I recently installed the rust programming language in termux (armeabi-v7a 32bit),
but I'm having trouble with cargo
cargo --version illegal instruction
Rust is required during the build phase of python cryptography, (you do not need to have Rust installed after you've built cryptography)
So I can't have any Python cryptography either, in a Murphy's Law way!.
Why should another programming language be used for python cryptography?
I think this is a disadvantage for a programming language that can't do it itself.
Interesting. If I understand correctly, Android is currently Tier 2 without host tools, i.e. I'd probably expect the installation to fail entirely. What does rustup toolchain list show?
Last I checked, rustup doesn't work because it doesn't detect the platform correctly. You need to add the its-pointless repo and then run pkg install rust. I think if you try pkg install rust first, it'll tell you how to add the repo.
Because Python is incredibly slow. Basically because it is an interpreted language and makes use of a garbage collector. All performance sensitive work done in Python is actually done in a language that compiles to fast native code. Like C, C++ and now Rust.
Yes, that is a disadvantage of using language systems like Python. Typically less of a disadvantage if the code Python depends on in written in C/C++ as they have been everywhere for decades.
Adding Rust as a dependency of Python cryptography was very controversial for this exact reason. Their FAQ addresses the upsides but not really this downside of their decision.

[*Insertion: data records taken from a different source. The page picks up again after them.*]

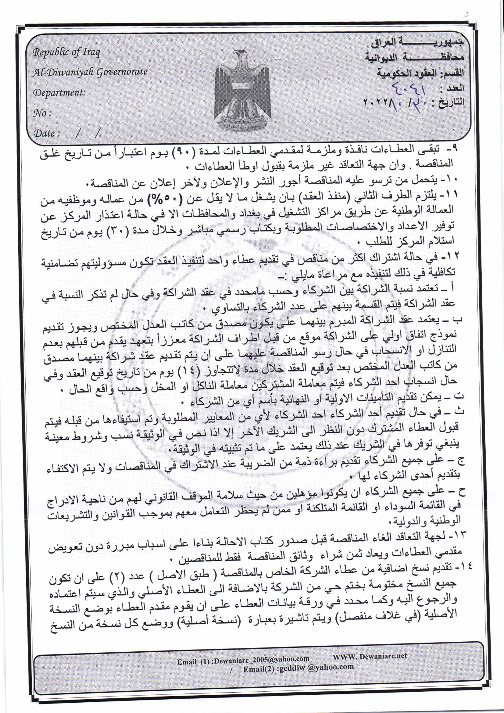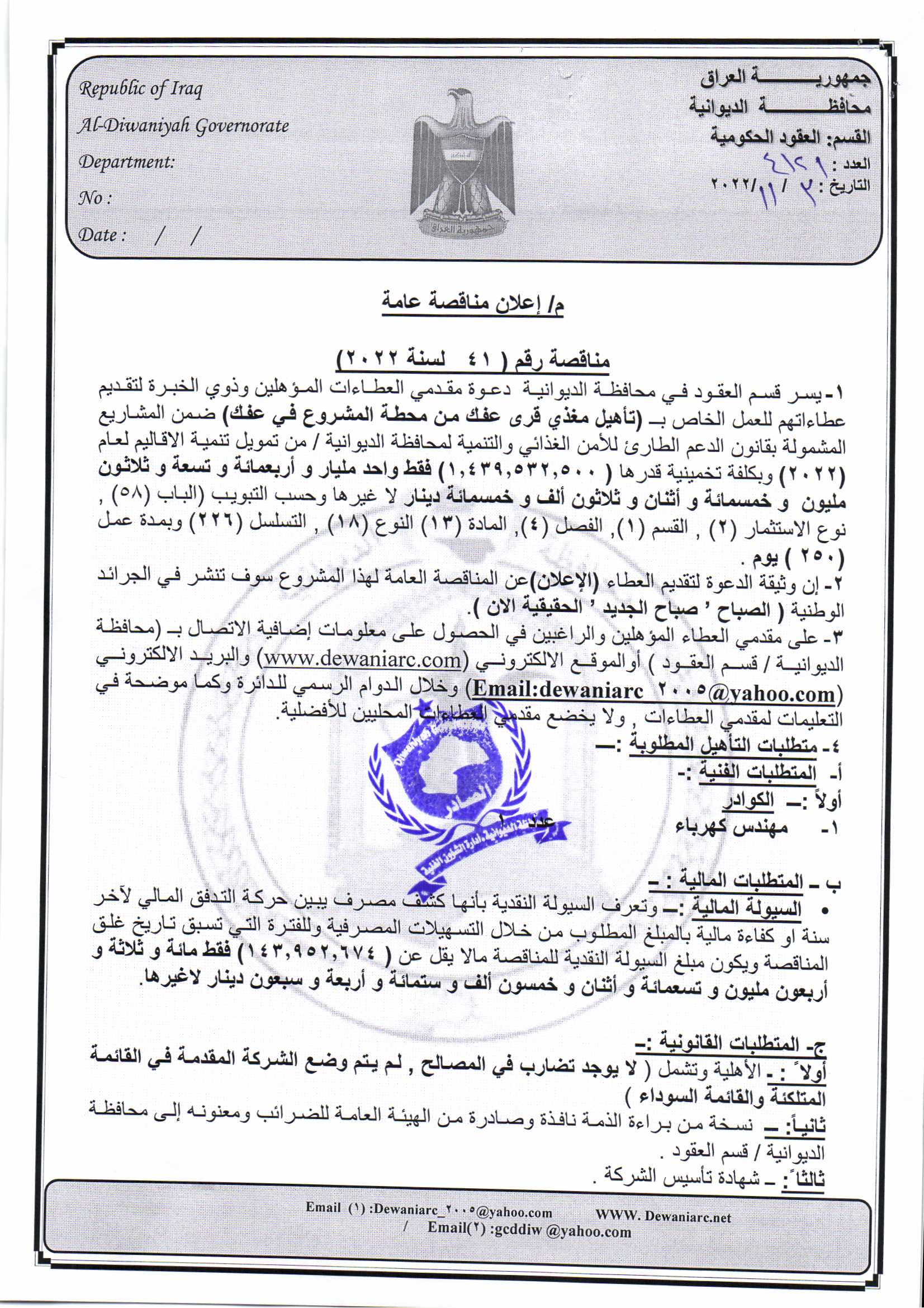 ﴿ إعلان مناقصة (41) لسنة 2022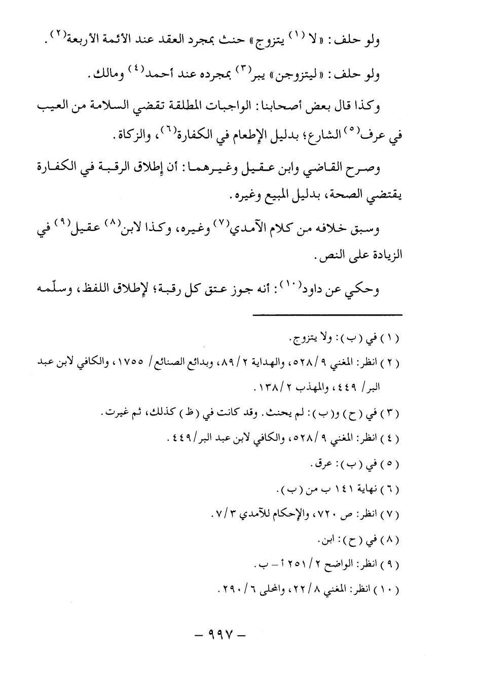 (١٠) انظر: المغني ٨/ ٢٢، والمحلى ٦/ ٢٩٠.
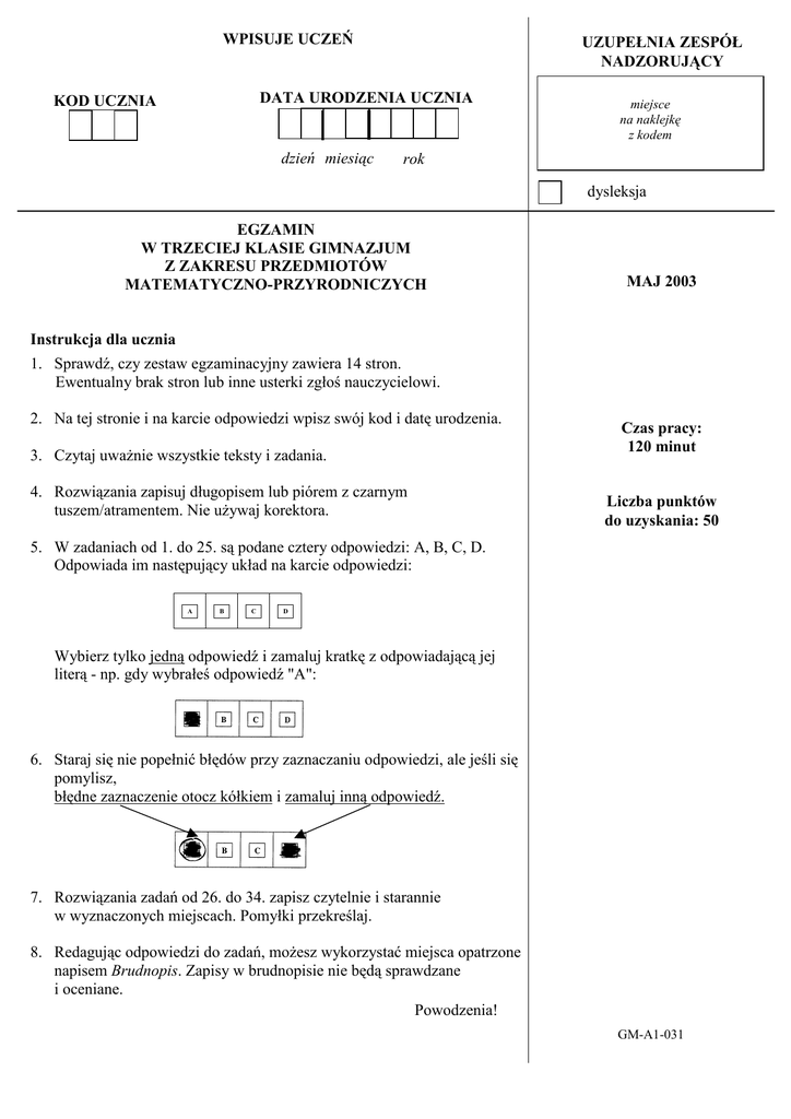 WPISUJE UCZE UZUPEŁNIA ZESPÓŁ NADZORUJ CY DATA URODZENIA UCZNIA KOD UCZNIA dzie miesi c miejsce na naklejk z kodem rok dysleksja EGZAMIN W TRZECIEJ KLASIE GIMNAZJUM Z ZAKRESU PRZEDMIOTÓW MATEMATYCZNO-PRZYRODNICZYCH MAJ 2003 Instrukcja dla ucznia 1. Sprawd , czy zestaw egzaminacyjny zawiera 14 stron. Ewentualny brak stron lub inne usterki zgło nauczycielowi. 2. Na tej stronie i na karcie odpowiedzi wpisz swój kod i dat urodzenia. 3. Czytaj uwa nie wszystkie teksty i zadania. 4. Rozwi zania zapisuj długopisem lub piórem z czarnym tuszem/atramentem. Nie u ywaj korektora. Czas pracy: 120 minut Liczba punktów do uzyskania: 50 5. W zadaniach od 1. do 25. s podane cztery odpowiedzi: A, B, C, D. Odpowiada im nast puj cy układ na karcie odpowiedzi: A B C D Wybierz tylko jedn odpowied i zamaluj kratk z odpowiadaj c jej liter - np. gdy wybrałe odpowied "A": 6. Staraj si nie popełni bł dów przy zaznaczaniu odpowiedzi, ale je li si pomylisz, bł dne zaznaczenie otocz kółkiem i zamaluj inn odpowied . 7. Rozwi zania zada od 26. do 34. zapisz czytelnie i starannie w wyznaczonych miejscach. Pomyłki przekre laj. 8. Redaguj c odpowiedzi do zada , mo esz wykorzysta miejsca opatrzone napisem Brudnopis. Zapisy w brudnopisie nie b d sprawdzane i oceniane. Powodzenia! GM-A1-031 Informacja do zada 1. i 2. Diagram kołowy przedstawia wyniki wyborów do samorz du szkolnego. Adam ?% Emil 25% Ela 10% Jacek 7,5% Agata 37,5% Zadanie 1. (0 – 1) Ile procent uczniów głosowało na Adama? A. B. C. D. 25 20 10 80 Zadanie 2. (0 – 1) Jaka cz uczniów głosowała na Agat ? 1 ogółu. 4 1 , ale wi cej ni B. Mniej ni 3 1 C. Wi cej ni , ale mniej ni 3 2 ogółu. D. Wi cej ni 5 A. Mniej ni 1 ogółu. 4 2 ogółu. 5 Zadanie 3. (0 – 1) 1 mol to taka ilo materii, która zawiera w przybli eniu 6·1023 (odpowiednio) atomów, cz steczek lub jonów. Ile cz steczek wody zawartych jest w 0,25 mola wody? A. B. C. D. 1,5·1023 0,5·1022 1023 0,25·1023 Strona 2 z 14 Informacja do zada 4. i 5. Fosforanowi (V) wapnia przypisuje si wzór strukturalny: Ca O O Ca P O P O O O O Ca O Zadanie 4. (0 – 1) Warto ciowo poszczególnych pierwiastków w tym zwi zku jest równa: A. B. C. D. Ca – VI, P – X, O – XVI Ca – III, P – II, O – VIII Ca – II, P – III, O – II Ca – II, P – V, O – II Zadanie 5. (0 – 1) Wzór sumaryczny tego zwi zku ma posta A. B. C. D. Ca3(PO4)2 Ca3(PO5)2 2 Ca3(PO4) 3 Ca(PO4)2 Zadanie 6. (0 – 1) Na rysunku przedstawiono wybrane informacje z układu okresowego pierwiastków. (Masy atomowe podane s w zaokr gleniu do jedno ci). Mg 12 magnez 24 Korzystaj c z nich, oblicz mas sumarycznym Mg3(AsO4)2. A. B. C. D. As 33 arsen 75 cz steczkow 164 211 350 130 Strona 3 z 14 O 8 tlen 16 zwi zku chemicznego o wzorze Informacja do zada : 7 – 9. W chwili, gdy zapaliły si zielone wiatła, samochód F ruszył ze skrzy owania i został w tym momencie wyprzedzony przez samochód S. Na wykresie przedstawiono zale no szybko ci tych samochodów od czasu, jaki upłyn ł od zapalenia si zielonych wiateł. m s v 35 30 25 20 15 10 5 0 S t (s) 0 Zadanie 7. (0 – 1) W szóstej sekundzie A. B. C. D. F 2 4 6 8 10 12 oba samochody znajdowały si w tej samej odległo ci od skrzy owania. samochód S wyprzedził samochód F. oba samochody miały takie samo przy pieszenie. oba samochody osi gn ły t sam szybko . Zadanie 8. (0 – 1) Warto przy pieszenia samochodu F była równa A. 6 m s2 B. 2,5 m s2 C. 0,4 m s2 m s2 D. 0 Zadanie 9. (0 – 1) Warto przy pieszenia samochodu S była równa A. 0 m s2 B. 4 m s2 C. 6 Zadanie 10. (0 – 1) Na wykresie przedstawiono zale no odbiorników pr du. m s2 D. 15 m s2 nat enia I od napi cia U dla czterech I (A) 1 6 2 3 5 4 4 3 2 1 U (V) 0 0 20 40 60 Który odbiornik ma najwi kszy opór? A. 1 B. 2 C. 3 Strona 4 z 14 D. 4 80 Informacje do zada 11. i 12. Tabela Masa ciała ptaka 10 g 100 g 1 kg 10 kg 100 kg Masa jaja w procentach masy ciała dorosłego ptaka 20% 10% 4% 2% 1% Czas inkubacji (dni) 10 16 21 39 68 Zadanie 11. (0 – 1) Je li stru ma mas 100 kg a kura mas 1 kg, to zgodnie z tabel ró nica mas ich jaj wyra ona w gramach jest równa A. 3 B. 96 C. 99 D. 960 Zadanie 12. (0 – 1) Które zdanie o zale no ci czasu inkubacji od masy ciała ptaka jest prawdziwe? A. B. C. D. Czas inkubacji jest wprost proporcjonalny do masy ciała ptaka. Czas inkubacji ro nie wraz ze wzrostem masy ciała ptaka. Czas inkubacji jest odwrotnie proporcjonalny do masy ciała ptaka. Czas inkubacji maleje wraz ze wzrostem masy ciała ptaka. Zadanie 13. (0 – 1) Jajo strusia jest około 3 razy dłu sze od jaja kury. Je li zało y , e ółtka tych jaj maj kształt kul podobnych w skali 3 : 1, to ółtko w strusim jaju ma obj to wi ksz ni ółtko w jaju kurzym A. B. C. D. 27 razy. 9 razy. 6 razy. 3 razy. Strona 5 z 14 Informacje do zada 14. i 15. Owoce zbó nazywamy ziarniakami. Na rysunkach przedstawiono przekroje podłu ne przez jajo kury i ziarniak kukurydzy. Zadanie 14. (0 – 1) Który z rysunków: I, II, III czy IV przedstawia przekrój poprzeczny przez jajo kury wykonany w miejscu zaznaczonym lini P? A. I B. II C. III D. IV Zadanie 15. (0 – 1) Która cz ziarniaka pełni podobn funkcj jak ółtko jaja? A. Łupina. B. Owocnia. C. Bielmo. D. Zarodek. Zadanie 16. (0 – 1) Zarodek kukurydzy znajduj cy si w ziarniaku A. B. C. D. od od od od ywia si ywia si ywia si ywia si autotroficznie, oddycha beztlenowo. kosztem bielma, oddycha tlenowo. kosztem łupiny owocowo-nasiennej, oddycha tlenowo. kosztem bielma, oddycha beztlenowo. Strona 6 z 14 Zadanie 17. (0 – 1) Na rysunkach przedstawiono schematy czterech do wiadcze . roztwór wodny cukru I II III IV Wybierz to do wiadczenie, z którego obserwacje pozwalaj o obecno ci w glanu wapnia w skorupce jajka. A. I B. II C. III wyci gn wniosek D. IV Zadanie 18. (0 – 1) W tabeli przedstawiono procentowy skład powietrza wdychanego i wydychanego. Składniki powietrza Azot Tlen Dwutlenek w gla Zawarto w powietrzu wdychanym 78,4% 20,8% 0,04% Zawarto w powietrzu wy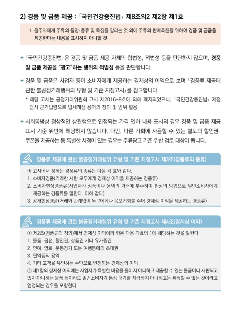 • 18페이지 2번 항목) 경품 및 금품 제공 : 「국민건강증진법」 제8조의2 제2항 제1호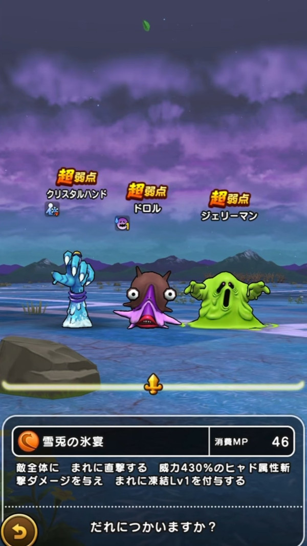 ランダムな敵に、恐怖Lv1とヒャドバーストをそれぞれ1回ずつ付与できます。しかし、ランダム要素がありますのでご注意ください。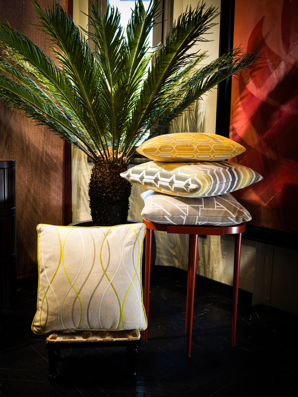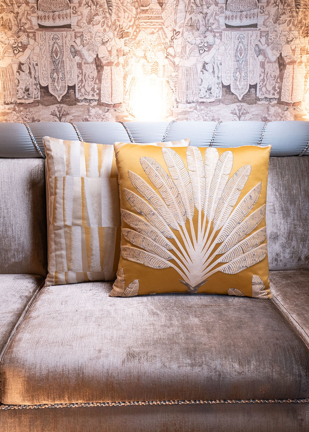 Sarı Palmiye Desenli Yastık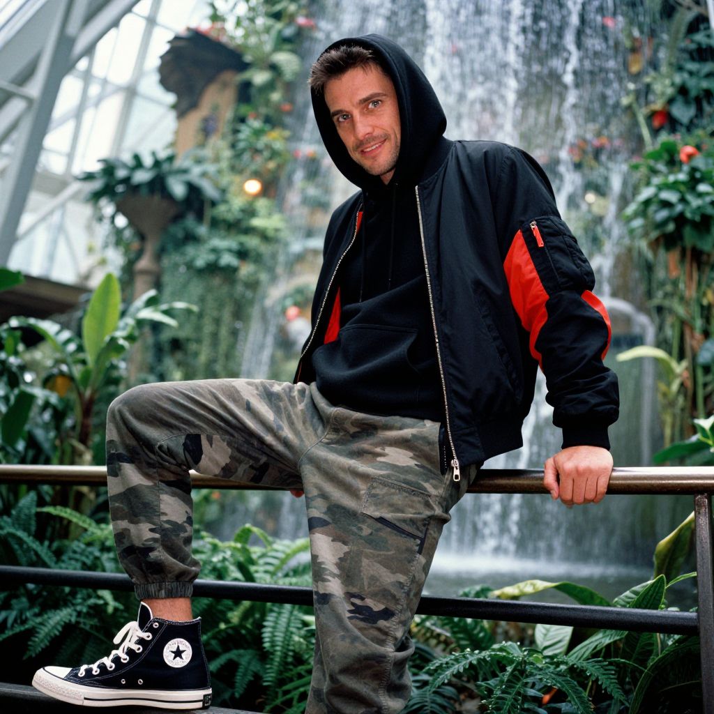 A man, fitted black hoodie, camo print joggers, high-top canvas sneakers, bomber jacket, bold color accents, bright atrium, cascading indoor waterfall, vibrant greenery, ektachrome film stock, relaxed pose, leaning against a railing, confident smile.Man has masculine face and piercing eyes
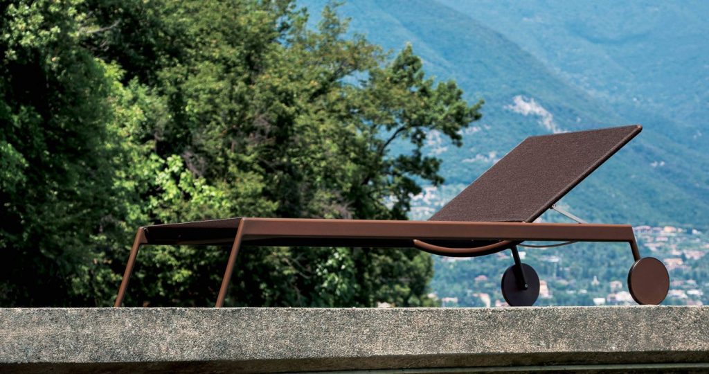 A stackable sunlounger, also in painted aluminum, completes the Piper range. It also comes in the same technical fabric color palette as the sofas.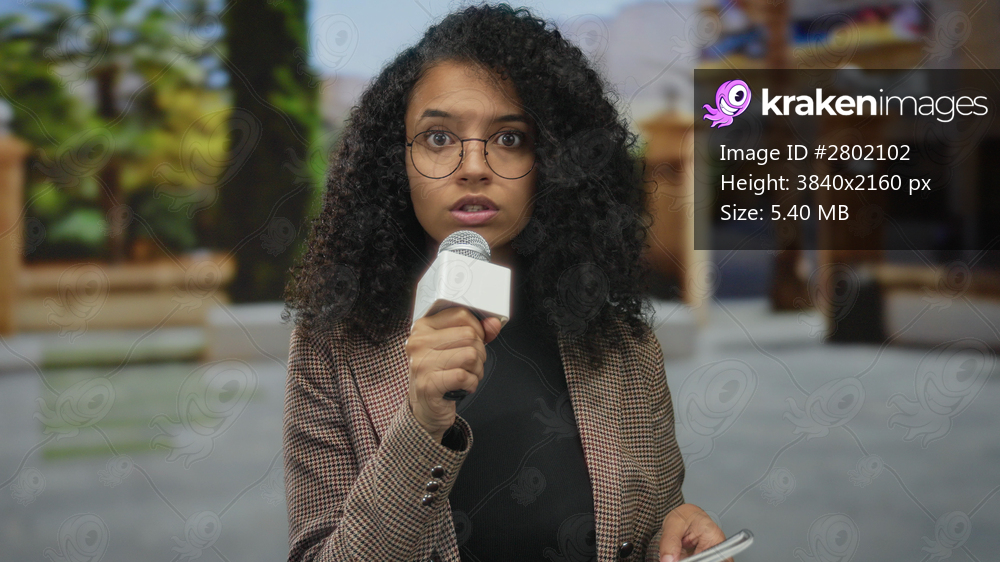 Woman reporter holding microphone on street conducting outdoor interview with notepad in hand wearing glasses curly hair and brown jacket.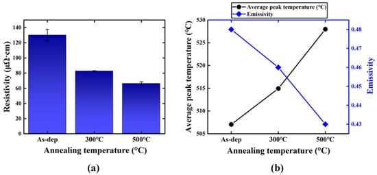 Therefore, complex permittivity is related to plasma frequency () and electron scattering time () using the Drude model, as shown in Equation (3). Plasma frequency is unique for each material, and electron scattering time can be derived as shown in Equation (4). Here, is the resistivity of the film, is the electron charge, is the electron concentration, and is the electron mass. From this equation, the inverse relationship between electron scattering time and resistivity can be confirmed. In addition, the change in resistivity is expected to directly affect electron scattering time and subsequently emissivity [22,23].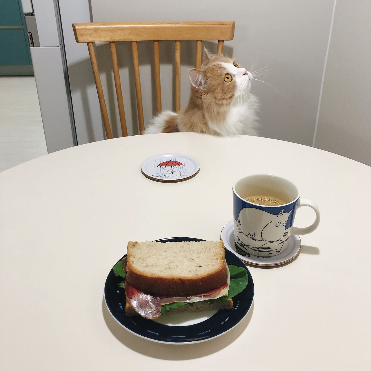 지난 밤, 와인에 곁들여먹고 남은 프로슈토를 활용해 뚝딱 샌드위치를 만들었다. 간 밤의 들썩거림은 온데간데 없이 사라진 고요한 아침. 곧 출근이다.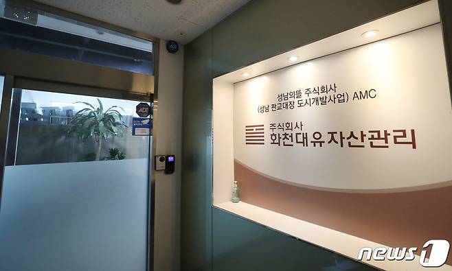 (성남=뉴스1) 김영운 기자 = 24일 오전 경기도 성남시 분당구 대장동 개발 사업 특혜 의혹을 받고 있는 화천대유 자산관리 사무실 입구의 모습. 2021.9.24/뉴스1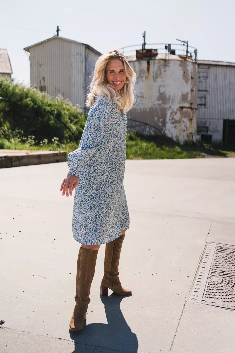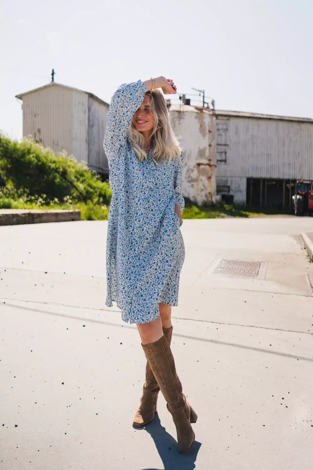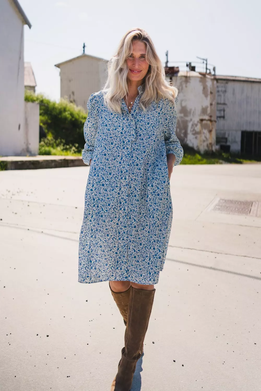 Gry Astrid Shirt Dress er den ultimate vår og sommerkjolen fra Raus, og et must-have i garderoben! Kjolen har en flatterende kort lengde og lange ermer, samt en markert midje med strikk bak som fremhever figuren. Den søte prestekragen med volanger og de delikate knappene i kragen gir kjolen et lekent og feminin preg. Det vakre blomstermønsteret i blått gir et friskt og elegant uttrykk. Kjolen er laget i en viskosemiks som føles meget myk og behagelig på. Lommer i sidene.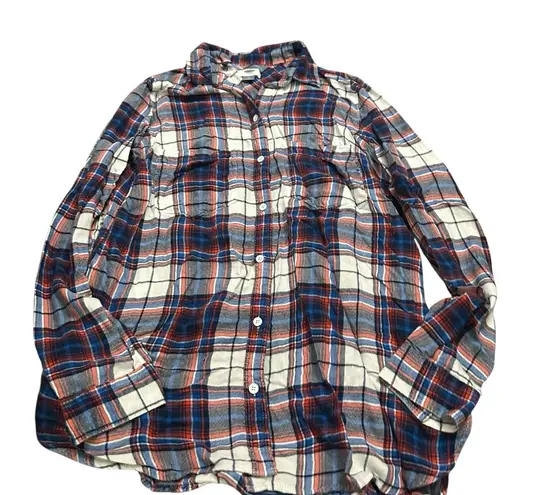 Stylish plaid button-down shirt. Features blue and red pattern. Perfect for casual outings.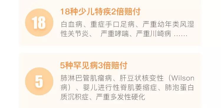 * 特疾赔付:18种少儿特定疾病,保额×2,最高可达200万;

It's definitely not a problem with the language. It's most likely a problem with rustup. You can try installing rustc/cargo/std from your package manager, but the way most likely to succeed would be to cross-compile rustc/cargo/std from a different platform and copy it over.
The illegal instruction error immediately strongly suggests that the cargo binary you want to run has been compiled for a CPU other than the one you actually have there.
How can We build a cargo project for the one you have there?
Shouldn't it do this automatically? lscpu (or dpkg --print-architecture) Display information about the CPU architecture.